This has been committed, but it drops the file:

  /usr/lib/systemd/system-sleep/xen-watchdog-sleep.sh

into a directory which more normally contains:

$ file /usr/lib/systemd/system-sleep/*
/usr/lib/systemd/system-sleep/hdparm:              POSIX shell script, ASCII text executable
/usr/lib/systemd/system-sleep/nvidia:              POSIX shell script, ASCII text executable
/usr/lib/systemd/system-sleep/sysstat.sleep:       POSIX shell script, ASCII text executable
/usr/lib/systemd/system-sleep/tlp:                 POSIX shell script, ASCII text executable
/usr/lib/systemd/system-sleep/unattended-upgrades: POSIX shell script, ASCII text executable


I'd suggest renaming it to xen-watchdog (or perhaps xen-watchdog.sleep).

~Andrew

Re: [PATCH v2] systemd: Add hooks to stop/start xen-watchdog on suspend/resume
Posted by dmkhn@proton.me 3 months ago
On Thu, Jul 17, 2025 at 11:16:58PM +0300, Mykola Kvach wrote:
> From: Mykola Kvach <mykola_kvach@epam.com>
> 
>  $(XEN_SYSTEMD_MODULES):
>  	rm -f $@.tmp
> diff --git a/tools/hotplug/Linux/systemd/xen-watchdog-sleep.sh b/tools/hotplug/Linux/systemd/xen-watchdog-sleep.sh
> new file mode 100644
> index 0000000000..e9bdadc8fa
> --- /dev/null
> +++ b/tools/hotplug/Linux/systemd/xen-watchdog-sleep.sh
> @@ -0,0 +1,34 @@
> +#!/bin/sh

Is there chance to add `set -e` to harden the error path?

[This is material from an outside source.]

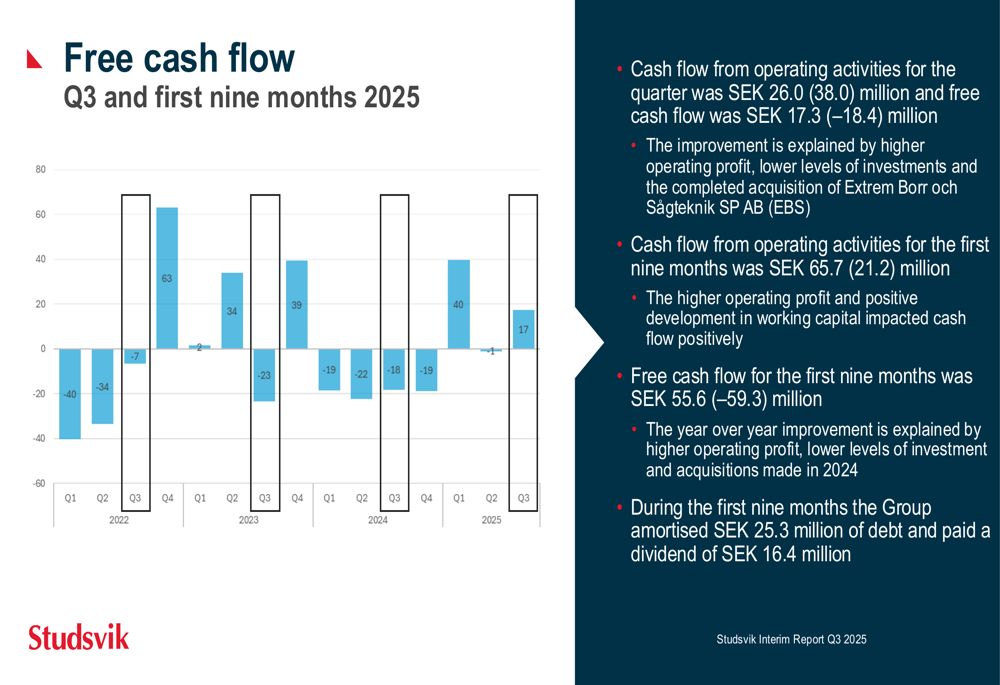 Free cash flow has also shown marked improvement, turning positive at SEK 17.3 million for Q3 2025 compared to negative SEK 18.4 million in Q3 2024. For the first nine months, free cash flow reached SEK 55.6 million, a substantial improvement from negative SEK 59.3 million in the same period last year.

With that correction, please consider:

Reviewed-by: Denis Mukhin <dmukhin@ford.com> 
Re: [PATCH v2] systemd: Add hooks to stop/start xen-watchdog on suspend/resume
Posted by Anthony PERARD 3 months, 1 week ago
On Thu, Jul 17, 2025 at 11:16:58PM +0300, Mykola Kvach wrote:
> diff --git a/m4/systemd.m4 b/m4/systemd.m4
> index ab12ea313d..ee684d3391 100644
> --- a/m4/systemd.m4
> +++ b/m4/systemd.m4
> @@ -28,6 +28,12 @@ AC_DEFUN([AX_SYSTEMD_OPTIONS], [
>  		[set directory for systemd modules load files [PREFIX/lib/modules-load.d/]]),
>  		[SYSTEMD_MODULES_LOAD="$withval"], [SYSTEMD_MODULES_LOAD=""])
>  	AC_SUBST(SYSTEMD_MODULES_LOAD)
> +
> +	AC_ARG_WITH(systemd-sleep,
> +		AS_HELP_STRING([--with-systemd-sleep=DIR],
> +		[set directory for systemd sleep script files [PREFIX/lib/systemd/system-sleep/]]),
> +		[SYSTEMD_SLEEP_DIR="$withval"], [SYSTEMD_SLEEP_DIR=""])
> +	AC_SUBST(SYSTEMD_SLEEP_DIR)
>  ])
>  
>  AC_DEFUN([AX_ENABLE_SYSTEMD_OPTS], [
> @@ -69,6 +75,14 @@ AC_DEFUN([AX_CHECK_SYSTEMD_LIBS], [
>  	AS_IF([test "x$SYSTEMD_MODULES_LOAD" = x], [
>  	    AC_MSG_ERROR([SYSTEMD_MODULES_LOAD is unset])
>  	], [])
> +
> +	AS_IF([test "x$SYSTEMD_SLEEP_DIR" = x], [
> +	    SYSTEMD_SLEEP_DIR="\$(prefix)/lib/systemd/system-sleep/"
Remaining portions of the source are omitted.